Economy: Picking Up Speed

In the first decade of the new millennium, Georgia lost nearly 200,000 – or four out of every 10 – manufacturing jobs. Since 2010, however, there have been some major project announcements in Georgia, bolstering prospects for job growth in aircraft (Gulfstream), automobile (Kia and its growing roster of suppliers), construction equipment (Caterpillar), flooring (Engineered Floors, Beaulieu International Group, Surya), chemical (Southern Ionics, Otsuka Chemical) and appliance manufacturing (Keurig Green Mountain).

Advanced manufacturing will continue to be a source of high-paying jobs, with cyclical economic recovery, better incentives, low domestic natural gas prices and rising production costs overseas – especially in China – contributing to the state’s growing manufacturing activity and employment in 2015.

Concerns about product quality and management of the risks associated with increasingly complex and time-sensitive supply chains also make manufacturing in Georgia more attractive than overseas. Georgia will continue to lure manufacturers with its superior transportation, logistics and distribution infrastructure; lower costs of doing business; a favorable tax structure; and significantly more competitive economic development incentives.

Although manufacturers’ contribution to Georgia’s GDP will rise rapidly in 2015, incoming employment data strongly imply that manufacturing jobs are not coming back too quickly, mostly due to productivity gains.

That will sustain the cyclical recovery in manufacturing employment, but at the current pace it will take three decades to replace the manufacturing jobs that were lost. Still, the sector’s output is growing much faster than employment, and the multiplier effects of the direct, on-site jobs are often much higher than those generated in non-manufacturing industries.

To become a state where manufacturing activity – as well as jobs – truly concentrates, Georgia will need to: (1) develop a better educated, more highly skilled and more productive manufacturing workforce that can use the newest technologies; and (2) become a more fertile ground for developing and quickly adopting innovative productivity-enhancing technologies.

The construction of the Georgia BioScience Training Center, which will support training for Baxter International’s new facility, is a good example of providing much needed skills to the workforce that simultaneously incentivize and attract life sciences companies.
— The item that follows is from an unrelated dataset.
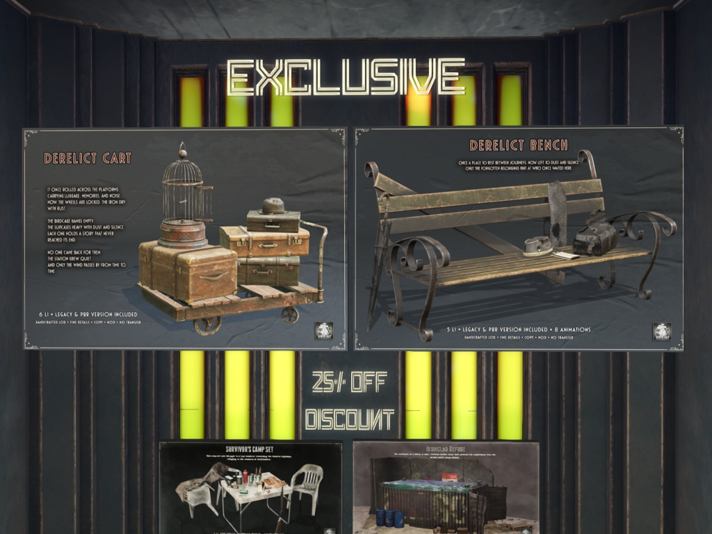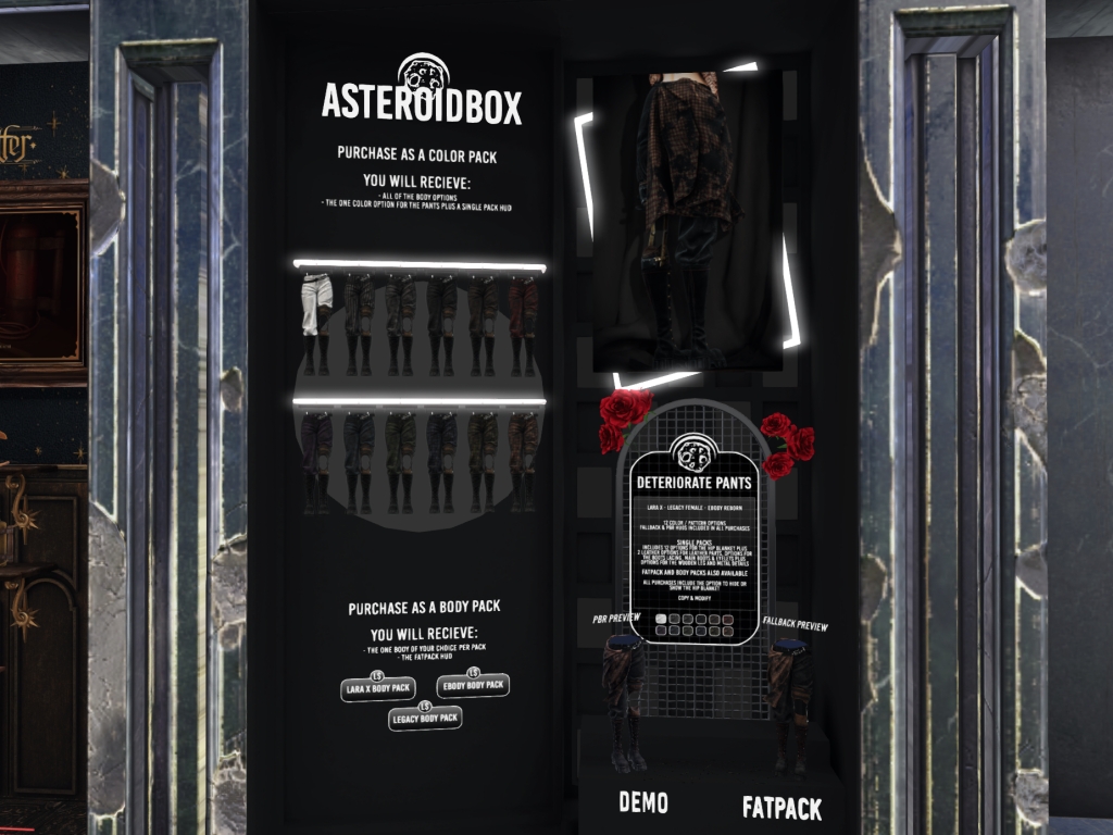 Featuring: Accessories, Animations/Poses/Props, Avatar Components, Avatar Enhancements, Builds, Clothing, Cosmetics/Nails, Footwear, Hairs, Home and Garden, Skins, Tattoos, Vehicles

We rank very high in manufacturing competitiveness in terms of talent-based innovation, the legal system, property rights and physical infrastructure. Of course, China’s costs are still much lower than ours, and its government investment in manufacturing/innovation focused research and development is much higher.

Nonetheless, appreciation of China’s currency, the tightening of its labor markets and our low natural gas prices are helping to shrink the cost advantage of manufacturing in China.

Costs, logistics and tax advantages make Georgia very competitive with other states and nations when it comes to landing economic development projects. That’s partially because Georgia made several strategic shifts in its economic development strategy, including passing legislation in 2012 to create a large deal-closing fund and eliminate sales and use taxes on energy used in manufacturing.

These changes made Georgia more competitive, but the state will have to be very aggressive in closing the right deals and targeting industries that both expand the economic base and have good potential for long-term growth. Georgia must focus on innovation-based companies and invest strategically to grow clusters in areas such as advanced manufacturing, biotechnology or information technology. Its statutory incentives, which help to get Georgia shortlisted by site selection professionals, must also remain competitive. It’s only after Georgia is shortlisted that these critical deal-closing incentives come into play.

To fully leverage Georgia’s new economic development policies, our restructured private-sector economy and manufacturers’ renewed interest in producing domestically, Georgia needs to adjust its priorities to put a much greater emphasis on educational achievement. That will be critical in terms of improving Georgia’s competitiveness, which ultimately determines our standard of living.